ImagePulling out my wallet I looked at the teller waiting for my ID. I needed cash. With an expired license, I needed it to pay off a fine to make it valid and avoid a ticket.

I slid my ID in her direction. She paused “Do you have a valid ID?” “It has my picture on it!” I pleaded. “Sorry we need a valid driver’s license, this has expired.” smiling, as if she had given me an irresistible gift.

I calmed my voice “I need the money to pay a fine to get a current driver’s license.” I was boiling inside; frustrated. She smiled back and with a soothing voice “I’m sorry, it’s a rule.” I clinched and briskly grabbed my license and rushed out the door. Now this is a “catch 22.”

I could answer all the codes: “What’s your mothers madden name, SS number, birthday, account number, first pet, favorite color and even what I was doing the previous Wednesday.” Yet no withdraw. My license had a hole in it….but it had my picture with lots of vital information. It wasn’t good enough.

The smile. It killed me. “Sorry it’s a rule.” I had entered an alter realm, where common sense didn’t exist, it was resisted, apparently even banned as a prehistoric idea. “Sorry, it’s a rule!”

 I find this when we help people. A statement is made preceding the thoughtless law: “I never…”, “I always…” ”I never let people living with me do such-and-such.” “I always require them to do such-and-such.”

We must deal with insight, viewing each person as unique. This requires thinking, analysis of the particular situation, with a risk. Yes, it may not always go well but the risk of not considering the particular person and situation is that people are treated unjustly. We hobble them from moving forward.

We have experienced people using rules instead of care. Love will take the time to consider the particular situation and draw conclusions that will be form fit for that person.  This is how you help people. Hard and fast rules, applying them across the board isn’t how we care for people.

Here is an example: Two guys live at my house one is just out of prison and has trouble with meth and the other is a hard worker, former business owner with a marriage gone-bad but no substance abuse issues. The first cannot just run around and needs supervision, he can’t leave the farm for overnight visits with friend and has a curfew.
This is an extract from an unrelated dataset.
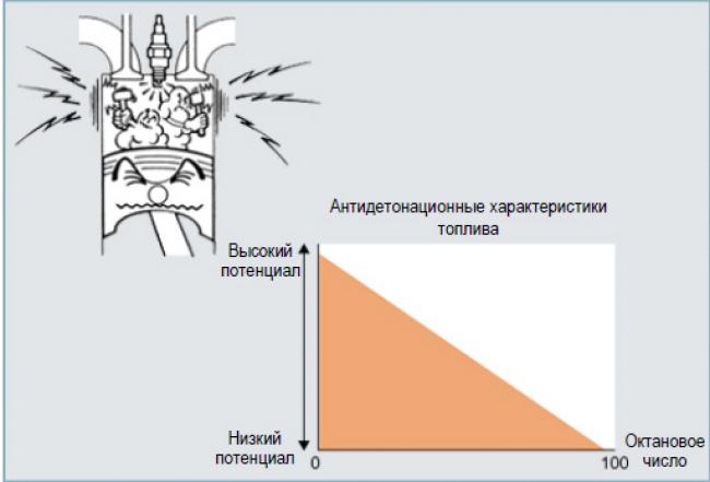Октановое число является одной из характеристик бензина, оно указывает антидетонационные свойства бензина. Бензин с более высоким октановым числом менее склонен к детонации при сгорании в двигателе по сравнению с бензином, обладающим низким октановым числом. Для повышения октанового числа в некоторые сорта бензина добавляют свинец, другие сорта бензина, не содержащие свинца, называют неэтилированными. Так как некоторые двигатели предназначены для использования этилированного бензина, а другие — неэтилированного, следует обращать на это внимание и использовать только соответствующий тип бензина. УКАЗАНИЕ: Детонация возникает в результате ненормального (взрывного) сгорания бензина в цилиндре двигателя. Признаком детонации является резкий повторяющийся металлический стук в стенки цилиндра, при детонационном сгорании полезная мощность двигателя снижается.

The latter has free reign and just needs to makes steps for employment.

The first needs to do his work with the court and work on the farm. It isn’t time for getting a job.

Can you see one doesn’t need a job yet the other must find work. One can’t leave the farm except to do business with the courts and recovery and the other can do what he wants.

“Sorry, it’s a rule!” can really limit your ability to help people. Love will consider this and act appropriately for each given situation.

I use these axioms “How would I want to be treated?” “What we I need to help me move forward?” Now that is love applied!